Sanity checks... (10463, 3) (10463, 8) (2181955, 5)


In [3]:
# Changing our time signatures, 
# adding our promotion feature 
# and aggregating our data by weeks...
process_time(orders)
orders = promo_detector(orders)
df = promotionAggregation(orders, items)

In [4]:
def prepareOrders(orders, items):
    """This function is responsible for adding in our 'orders' dataframe
    the items that were not sold. THIS IS NOT MODULARIZED, THUS YOU
    SHOULD CHANGE THE CODE TO BETTER SUIT YOUR DATASET FEATURES
    """
    
    df = orders.copy()

    new_rows = []
    weeks_database = orders['group_backwards'].unique()

    for idd in df['itemID'].unique():
        orders_id = df[df.itemID == idd]
        example = orders_id.iloc[0]

        # finding weeks without itemID sales
        weeks_id = orders_id['group_backwards'].unique()
        weeks_without_id = np.setdiff1d(weeks_database, weeks_id)
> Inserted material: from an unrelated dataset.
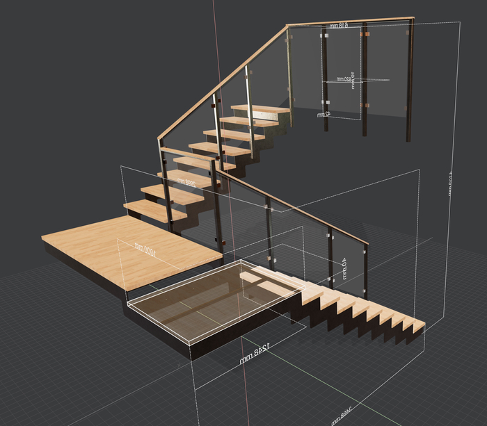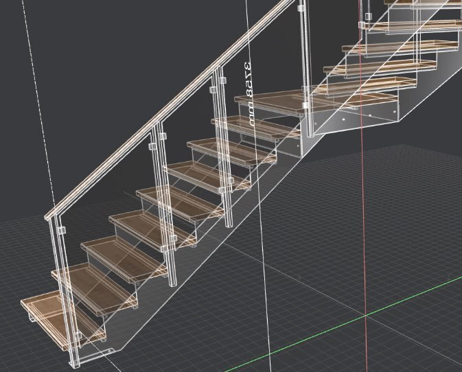 Под капотом это работает так: на вход программы подаются габаритные размеры. Мы в 2D создаём контур детали по точкам. Из этого контура формируются 3D-модели каждого элемента лестницы, потом они собираются воедино и расставляются по своим местам, рендерим результат. Первые версии программы выглядели так:

        # creating new row
        for w in weeks_without_id:
            new_rows.append({'itemID': idd,
                             'group_backwards': w,
                             'salesPrice_mean': 0,
                             'customerRating': example['customerRating'],
                             'category1': example['category1'],
                             'category2': example['category2'],
                             'category3': example['category3'],
                             'recommendedRetailPrice': example['recommendedRetailPrice'],
                             'orderSum': 0,
                             'manufacturer': example['manufacturer'],
                             'brand': example['brand'],
                             'promotion_mean': 0
                             })
    df = df.append(new_rows)
    df = df.sort_values(['group_backwards', 'itemID'], ascending=[False, True], ignore_index=True)
    return df

In [5]:
print(len(df))
df = prepareOrders(df, items)
print(len(df))


39515
127920


In [6]:
display(df)

Unnamed: 0,group_backwards,itemID,orderSum,promotion_mean,salesPrice_mean,brand,manufacturer,customerRating,category1,category2,category3,recommendedRetailPrice
0,13,1,0,0.0000,0.000000,0.0,1.0,4.38,1.0,1.0,1.0,8.84
1,13,2,0,0.0000,0.000000,0.0,2.0,3.00,1.0,2.0,1.0,16.92
2,13,3,1,0.0000,14.040000,0.0,3.0,5.00,1.0,3.0,1.0,15.89
3,13,4,0,0.0000,0.000000,0.0,2.0,4.44,1.0,2.0,1.0,40.17
4,13,5,2,0.0000,7.840000,0.0,2.0,2.33,1.0,1.0,1.0,17.04
...,...,...,...,...,...,...,...,...,...,...,...,...
127915,1,10450,34,0.1875,53.555625,182.0,227.0,0.00,8.0,44.0,8.0,36.78
127916,1,10459,0,0.0000,0.000000,180.0,253.0,0.00,8.0,44.0,8.0,56.57
127917,1,10460,0,0.0000,0.000000,0.0,253.0,0.00,8.0,44.0,8.0,163.81
127918,1,10462,0,0.0000,0.000000,180.0,253.0,0.00,8.0,44.0,8.0,166.97


In [7]:
# This cell lags and diffs our features 'orderSum' and "promotion"

shifting = df.copy()

for i in range(1,NUMBER_OF_LAGS):

    # Carrying the data of weeks t-1
    shifting[f'orderSum_{i}'] = shifting.groupby('itemID')['orderSum'].shift(i)
    shifting[f'promotion_mean_{i}'] = shifting.groupby('itemID')['promotion_mean'].shift(i)
    
    # Getting the difference of the orders and promotions between weeks t-1 and t-2...
    shifting[f'orderSum_diff_{i}'] = shifting.groupby('itemID')[f'orderSum_{i}'].diff()
    shifting[f'promotion_mean_diff_{i}'] = shifting.groupby('itemID')[f'promotion_mean_{i}'].diff()
    

## Maximum error
The maximum error we could get in this dataset would be just guessing the mean of our sales from weeks 1 to 12, and that's what the cell below is computing.

In [8]:
worst_possible_prediction = shifting.loc[shifting.group_backwards < 13]['orderSum'].mean()
prediction = np.full(shifting.loc[shifting.group_backwards == 13]['orderSum'].shape, worst_possible_prediction) # Array filled with the mean...
target = shifting.loc[shifting.group_backwards == 13]['orderSum']
print("Guessing the mean of 'orderSum' for all items in target", mse(target, prediction) ** 0.5)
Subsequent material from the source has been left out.